И когда он это сказал, мне стало вдруг очень жаль папиного приятеля. И я предложил отцу подбросить незаметно записку его приятелю от неизвестного друга, в которой было бы сказано, что за папиным другом следят, что городским властям всё про него известно, и, если он дорожит своей жизнью, пусть немедленно гримируется и бежит.
— Да, — сказал отец, — это единственно правильное решение. Пиши записку, отнеси её, а я будто бы ничего не буду знать… это так, на всякий случай.
В тот же день я написал записку и понёс её в Дом крестьянина.
— Ты куда, мальчик? — спросила меня дежурная, сидевшая возле тумбочки у самого входа.
— У вас сегодня, — сказал я, — остановился Максим Максимович Пирогов. Мне нужно передать ему записку.
Женщина отложила вязание, взяла канцелярскую книгу и стала водить пальцем по строчкам, отыскивая папиного друга.
— В двойных номерах его нет, — сказала она. — И в многоместных, — сказала она спустя некоторое время, — тоже.
— А где он? — оторопело спросил я.
— Не знаю, — сказала она.
Мы внимательно посмотрели друг на друга, и я вышел из Дома крестьянина.
В тот же вечер мы с отцом долго не ложились спать.
— Вероятно, он понял, — говорил отец, — что все эти наши расспросы означают, и принял свои меры. Это очень хорошо, что так получилось: с одной стороны — мы выполнили свой гражданский долг, пытались помочь майору, с другой — вольно или невольно, я полагаю, невольно — предупредили моего приятеля. Можешь, Митя, спать спокойно, наша совесть чиста.
И мы улеглись спать, и всю ночь мне снилась погоня, и я во сне перебирал ногами; отцу, как потом выяснилось, снилось то же.
3
А утром за завтраком как ни в чём не бывало к нам вошёл папин друг, положил на стол два билета и тоже принялся наливать себе кофе.
— Что это? Значит, ты не уехал? — спросил отец.
— Нет, — сказал друг. — Хотя после вчерашней встречи и подумывал.
Отец молча и решительно отодвинул билеты от себя (сослепу он решил, что это билеты на самолёт и что друг предлагает нам, таким образом, бежать вместе с ним).

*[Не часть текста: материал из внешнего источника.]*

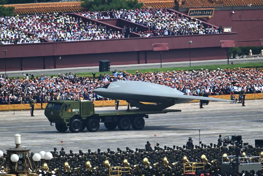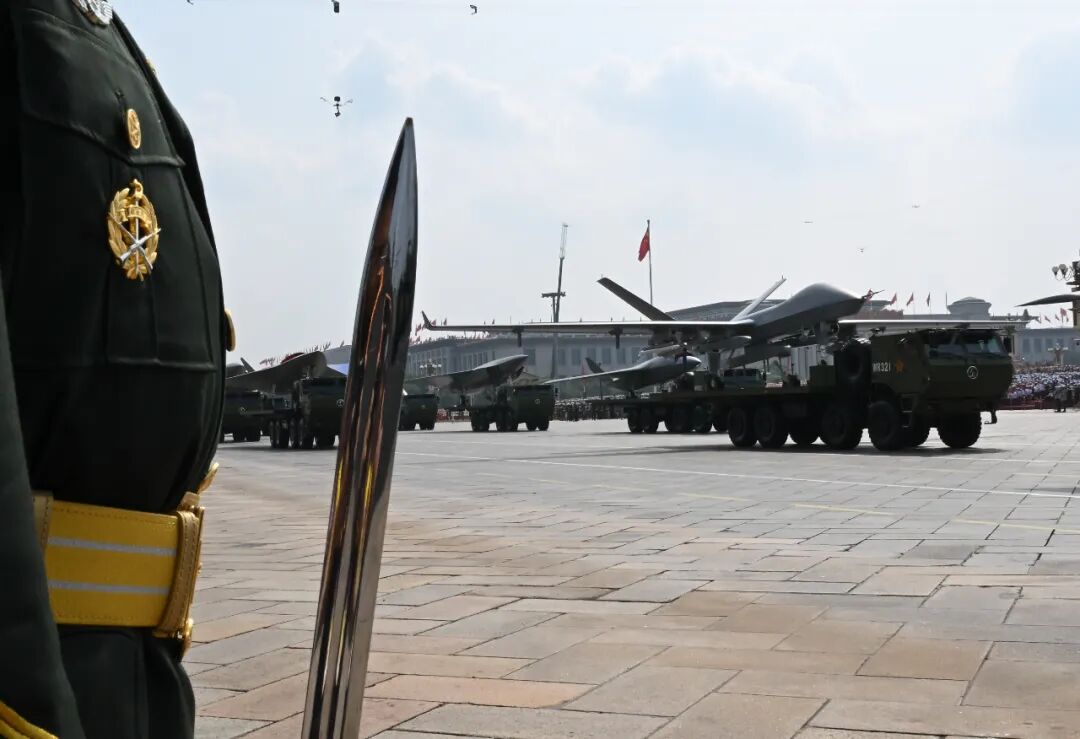 这是空中无人作战方队接受检阅。新华社记者 肖艺九 摄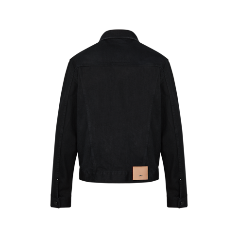 Cette veste en denim DNA revisite le modèle classique avec un col carré. Cette pièce de coupe standard possède des finitions métalliques déformées ton sur ton ainsi qu'une étiquette en cuir naturel embellie d'agrafes en palladium au dos. Fixée à l'aide d'un crochet noir, son étiquette amovible en denim Louis Vuitton Staples Edition s'accorde au jean slim.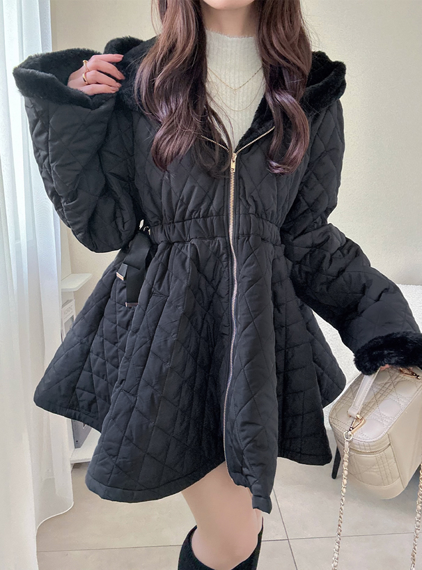 上品さ漂うキルティングデザインは、中綿がしっかりと入っており暖かい。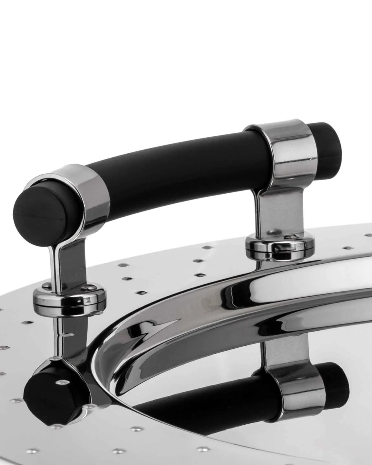 Alessi MGVASS Vassoio rotondo in acciaio Inox è il vassoio di design in acciaio inossidabile 18/10 lucido e PA con decorazioni bugnate e manici in PA di colore nero. Lo stile riprende i particolari decorativi della famiglia del celebre bollitore con l’uccellino del 1985.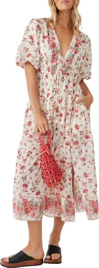Sweet smocking shapes this light and lovely maxi covered in delightful blooms.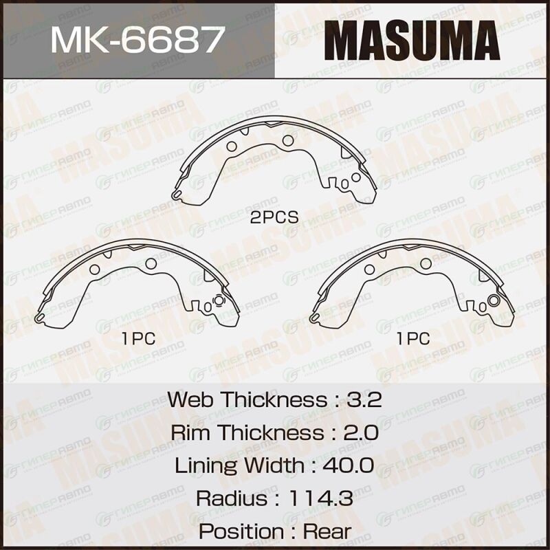 MASUMA MK-6687. Купить колодки тормозные барабанные masuma, комплект на ось (4 шт), арт. mk-6687 по выгодной цене в интернет-магазине запчастей Гиперавто. (11454)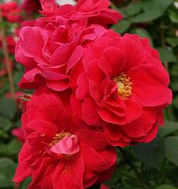 Роза George Vancouver (Джордж Ванкувер). Эту розу можно описать как улучшенную версию Champlain — более зимостойкую и более устойчивую к заболеваниям. Цветки раскрываются из малиновых бутонов. Они красные, позднее выгорают до темно-розовых. Появляются по одному или в небольших кистях (до 7 шт.), затем появляются красивые красные плоды.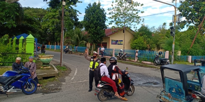 Berikan Kenyamanan Di Jalan Raya, Anggota Sat Lantas Polres Aceh Tenggara Laksanakan Giat Strong Point Pagi

— Максим, — сказал отец, — давай поговорим серьёзно. Мы не можем идти туда, куда ты нас зовёшь. Ребёнок должен заканчивать школу, а у меня, извини, есть работа, и я не могу за так просто бросать коллектив…
— Да работай, где ты работаешь, — сказал друг. — Всё это произойдёт во внерабочее время…
— Что ты имеешь в виду? — спросил отец.
— Билеты, — ответил друг.
— И ты не хочешь начать новую жизнь? — спросил отец.
— Поздно, — сказал друг.
— Тебя даже не останавливает, что твоя… э-э… с позволения сказать, работа сопряжена с определённым риском?..
— Нет, — сказал друг. — Я не знаю работы, которая не была бы сопряжена с определённым риском.
— Я знаю такую работу, — живо возразил отец. — В детстве ты мечтал стать пекарем.
— Ты думаешь, о булочки нельзя сломать зубы?
— Мне очень жаль, — сказал отец.
— Мне тоже, — ответил друг.
И на некоторое время в комнате воцарилась тишина.
И тут папин друг задал нам вопрос, который, признаться, нас здорово удивил. Он спросил, откуда мы знаем про его работу и почему так настроены против неё?
— Мы знаем из телевизора, — ответил я. — Вам была посвящена целая передача.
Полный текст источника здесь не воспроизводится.